[Data shown]
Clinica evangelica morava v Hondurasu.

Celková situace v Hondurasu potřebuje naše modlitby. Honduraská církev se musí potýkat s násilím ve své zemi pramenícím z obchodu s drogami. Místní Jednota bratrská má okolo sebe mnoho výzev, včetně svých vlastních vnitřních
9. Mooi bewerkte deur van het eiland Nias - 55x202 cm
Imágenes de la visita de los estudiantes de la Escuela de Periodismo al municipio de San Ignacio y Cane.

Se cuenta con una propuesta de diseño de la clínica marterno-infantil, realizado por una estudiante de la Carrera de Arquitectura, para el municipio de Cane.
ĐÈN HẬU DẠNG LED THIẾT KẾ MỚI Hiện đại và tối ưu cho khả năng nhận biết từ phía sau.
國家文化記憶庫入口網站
[/Data shown]
[Data shown]
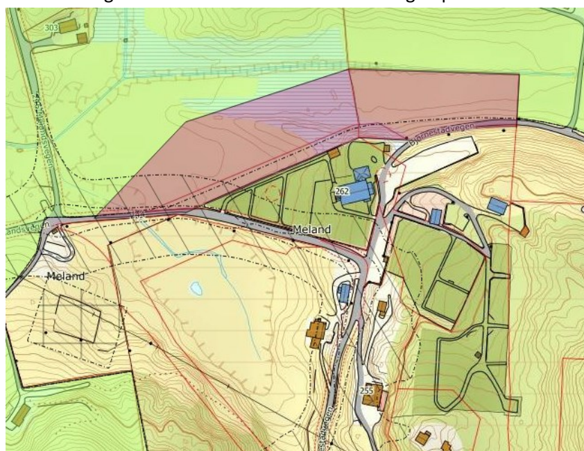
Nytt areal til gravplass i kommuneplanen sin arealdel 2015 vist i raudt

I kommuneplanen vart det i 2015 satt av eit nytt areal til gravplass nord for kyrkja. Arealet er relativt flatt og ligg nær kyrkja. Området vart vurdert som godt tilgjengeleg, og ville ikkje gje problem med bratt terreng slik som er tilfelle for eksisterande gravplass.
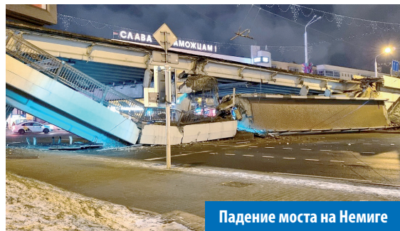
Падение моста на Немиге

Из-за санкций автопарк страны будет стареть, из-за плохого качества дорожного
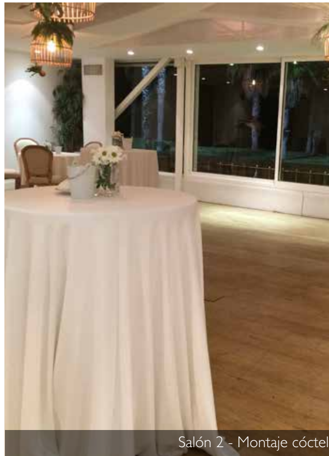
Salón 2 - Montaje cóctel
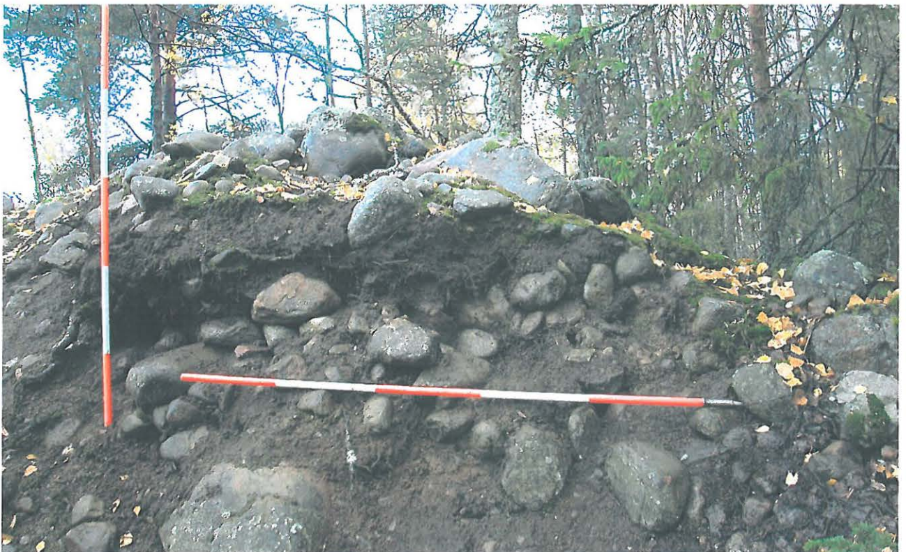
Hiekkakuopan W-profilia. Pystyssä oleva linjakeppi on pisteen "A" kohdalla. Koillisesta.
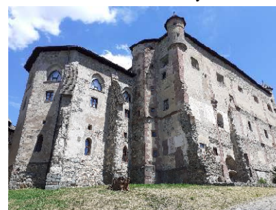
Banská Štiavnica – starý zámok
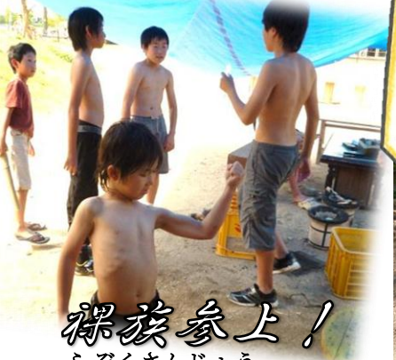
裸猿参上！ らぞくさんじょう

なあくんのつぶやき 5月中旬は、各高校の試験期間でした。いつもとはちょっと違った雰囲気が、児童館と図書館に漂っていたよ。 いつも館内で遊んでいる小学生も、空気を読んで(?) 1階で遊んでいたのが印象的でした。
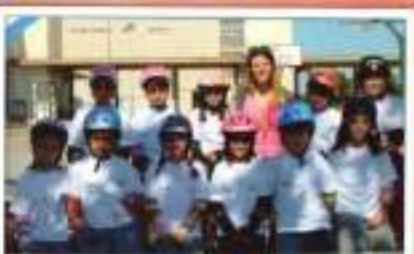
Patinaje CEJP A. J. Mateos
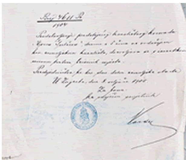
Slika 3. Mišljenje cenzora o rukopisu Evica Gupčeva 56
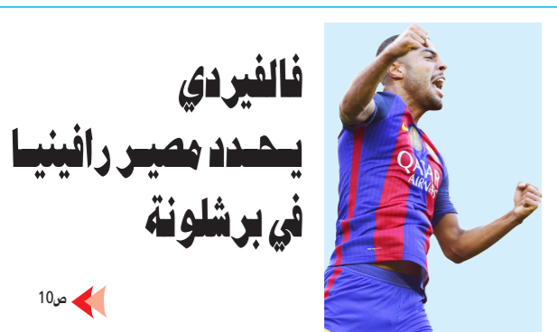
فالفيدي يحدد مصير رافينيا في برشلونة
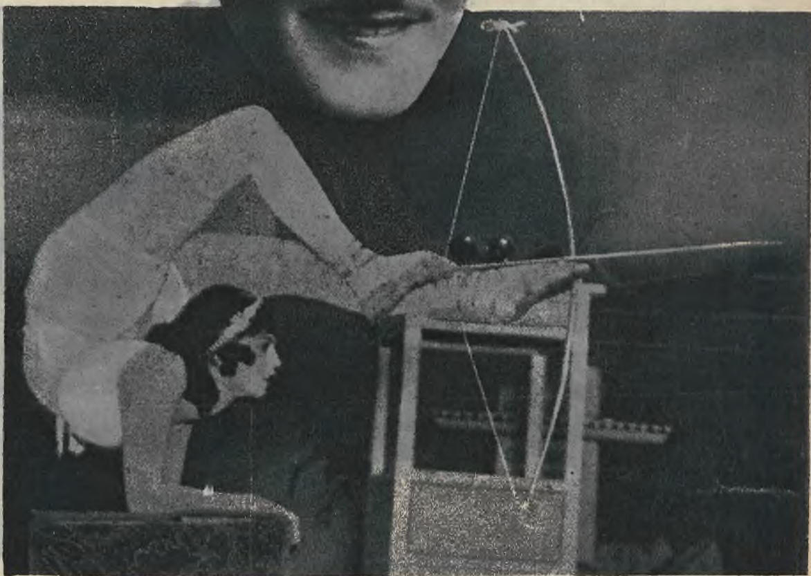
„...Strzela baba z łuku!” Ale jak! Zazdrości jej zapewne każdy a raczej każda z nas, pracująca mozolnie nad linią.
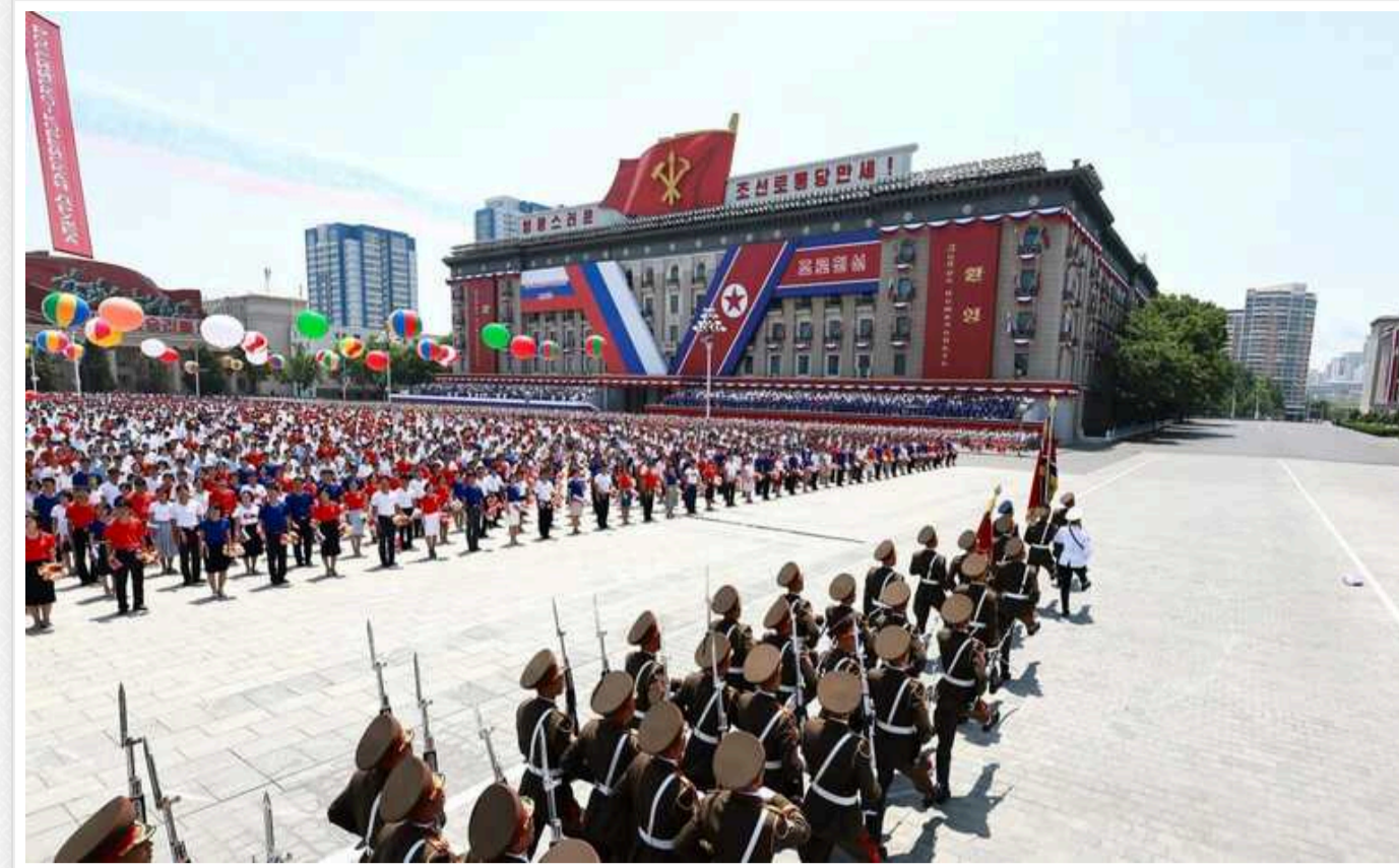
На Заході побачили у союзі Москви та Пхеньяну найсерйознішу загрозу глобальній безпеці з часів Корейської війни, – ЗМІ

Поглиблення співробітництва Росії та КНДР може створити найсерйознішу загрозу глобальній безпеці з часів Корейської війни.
[/Data shown]
[Data shown]
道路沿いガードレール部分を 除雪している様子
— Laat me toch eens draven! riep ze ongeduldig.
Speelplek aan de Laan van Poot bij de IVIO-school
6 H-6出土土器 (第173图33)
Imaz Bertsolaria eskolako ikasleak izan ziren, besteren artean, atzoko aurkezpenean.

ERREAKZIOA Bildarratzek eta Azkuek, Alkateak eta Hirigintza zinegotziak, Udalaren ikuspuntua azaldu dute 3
[/Data shown]
# Exercise objective:
In the listing above, find the line with "I kommuneplanen vart" and output every line through the one with "Поглиблення співробітництва Росії", exactly, without the pictures.

# Reply to the exercise:
I kommuneplanen vart det i 2015 satt av eit nytt areal til gravplass nord for kyrkja. Arealet er relativt flatt og ligg nær kyrkja. Området vart vurdert som godt tilgjengeleg, og ville ikkje gje problem med bratt terreng slik som er tilfelle for eksisterande gravplass.
Падение моста на Немиге

Из-за санкций автопарк страны будет стареть, из-за плохого качества дорожного
Salón 2 - Montaje cóctel
Hiekkakuopan W-profilia. Pystyssä oleva linjakeppi on pisteen "A" kohdalla. Koillisesta.
Banská Štiavnica – starý zámok
裸猿参上！ らぞくさんじょう

なあくんのつぶやき 5月中旬は、各高校の試験期間でした。いつもとはちょっと違った雰囲気が、児童館と図書館に漂っていたよ。 いつも館内で遊んでいる小学生も、空気を読んで(?) 1階で遊んでいたのが印象的でした。
Patinaje CEJP A. J. Mateos
Slika 3. Mišljenje cenzora o rukopisu Evica Gupčeva 56
فالفيدي يحدد مصير رافينيا في برشلونة
„...Strzela baba z łuku!” Ale jak! Zazdrości jej zapewne każdy a raczej każda z nas, pracująca mozolnie nad linią.
На Заході побачили у союзі Москви та Пхеньяну найсерйознішу загрозу глобальній безпеці з часів Корейської війни, – ЗМІ

Поглиблення співробітництва Росії та КНДР може створити найсерйознішу загрозу глобальній безпеці з часів Корейської війни.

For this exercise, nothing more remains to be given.